А в другие моменты он ощущает себя неудачником, полным ничтожеством, человеком, потерпевшим крах и в жизни, и в творчестве. “Я лежу в своей каморке в гостинице на улице Сель. Лежу на железной кровати и думаю, каким ничтожеством я стал…” (“Тропик Рака”). Через четверть века он напишет из Биг-Сура: “Я переживаю кризис. Никогда еще мне не было так грустно. <…> Две ночи подряд я вставал с твердым намерением уничтожить все, но у меня не хватает сил. <…> Мне кажется, все, что я произвел, — это эффект хлопушки. Письма теперь можно выбрасывать в корзину, не отвечая. Это очень просто. А потом надо будет отправить туда же и меня самого. Это несколько сложнее. Мне ясно одно: я строил на песке. Все, что я написал, потеряло для меня ценность. Может быть, я не полный неудачник, но очень близок к тому. Надо подумать о чем-то новом. Годы труда, терпеливой, упорной борьбы — и никакого ощутимого результата. Я там же, откуда начинал: нигде” (письмо Дарреллу от 2 сентября 1959 г.). <…>
Поездка в Нью-Йорк
В 1934 году, проведя пять лет в Париже и только что поселившись на улице Вилла Сёра, Миллер вдруг испытывает острое желание вернуться в Америку. Хотя он презирает свою родину, он по ней тоскует. Во время его несостоявшегося путешествия Дьеп — Нью-Хейвен мысль о том, что французские власти могут выслать его в Штаты, приводила его в ужас: “Если они захотят сыграть со мной эту штуку, я прыгну за борт”. И вдруг он решает добровольно вернуться в США. Вместе с несколькими эмигрантами из Америки он все чаще разворачивает карту Нью-Йорка и ностальгически склоняется над Манхэттеном или, смотря американский фильм, при звуках “Here Lies Love” начинает проливать “глупые, сентиментальные слезы”. В Гавре, вдыхая соленый морской воздух, он снова чувствует себя американцем. Мысль его летит к огромным, почти еще диким просторам, горячим пустыням и снежным горным вершинам, в страну, где за один день можно побывать во всех временах года. Так же как и двое его американских друзей, он взволнован до слез: “Если бы какой-нибудь корабль поднимал якорь, мы вскочили бы на его борт…” Благодаря небо за то, что он в Париже, он снова бредит американским континентом.

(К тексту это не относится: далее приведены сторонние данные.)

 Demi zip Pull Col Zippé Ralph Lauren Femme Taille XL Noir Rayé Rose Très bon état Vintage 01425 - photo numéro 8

“Он не испытывал нежности к Америке, — передавал мне Франк Добо, — но все время говорил о ней. — Именно то, что он рассказывал мне о жизни Соединенных Штатов, вызвало у меня желание узнать эту страну и даже поселиться там. Теперь, проведя в Нью-Йорке уже сорок лет, я понимаю, до какой степени Генри — американец и всегда им был, хотя и жил в другой стране. “Я остался совершенным американцем, — говорил мне Генри в Калифорнии, — я настоящий сын этой земли. Может быть, те плодотворные годы, что я провел во Франции, только укрепили мою связь с Америкой. Но я американец, выставляющий свой американизм напоказ, как рану”. Ф. Дж. Темпл — друг и биограф Миллера, очень справедливо замечает: “Исторгая из себя Америку вместе с рвотой, он все равно остается американцем по сути и, проклиная родину, понося ее, выражает свой обостренный национализм” (“Генри Миллер”). “Я люблю ее, даже когда ее оплевываю, — признается Миллер, — и может быть, в эти моменты люблю даже сильнее”. Такая ненависть к своей стране, считает он, это, вероятно, форма любви — “любовь наизнанку”.

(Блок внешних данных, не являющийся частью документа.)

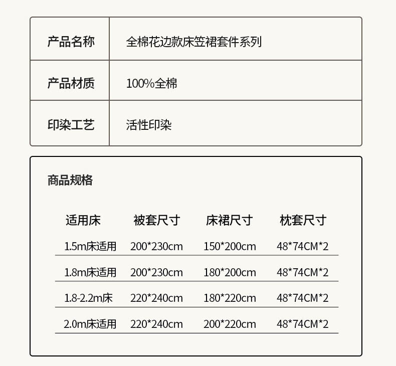 180x220cm床笠裙款标准四件套 | ¥220.00 |

Однако, вдыхая со слезами счастья волнующий воздух Нью-Йорка, он испытывает радость не столько от того, что вернулся в родной город, сколько от того, что, слава богу, навсегда от него освободился. “О, радость освобождения от этой страны! Чувство, что я больше не нуждаюсь в ней и она никогда уже не будет меня терзать!” (“Гамлет”). И даже спустя двадцать лет, когда Даррелл неосторожно написал в одном предисловии: “Миллер примирился с родиной”, Генри пришел в бешенство: “Это абсолютная ложь! Я не примирился даже с Биг-Суром! Я отрицаю, что я принял его, отрицаю, что извлек из него все, что мог. Что же до Соединенных Штатов — они вызывают у меня все большую тошноту. Этот край помечен несчастной судьбой”. Каждый раз, встречаясь с Генри в Париже и даже в Калифорнии, я убеждался, что время не только не ослабило, но усилило его ненависть.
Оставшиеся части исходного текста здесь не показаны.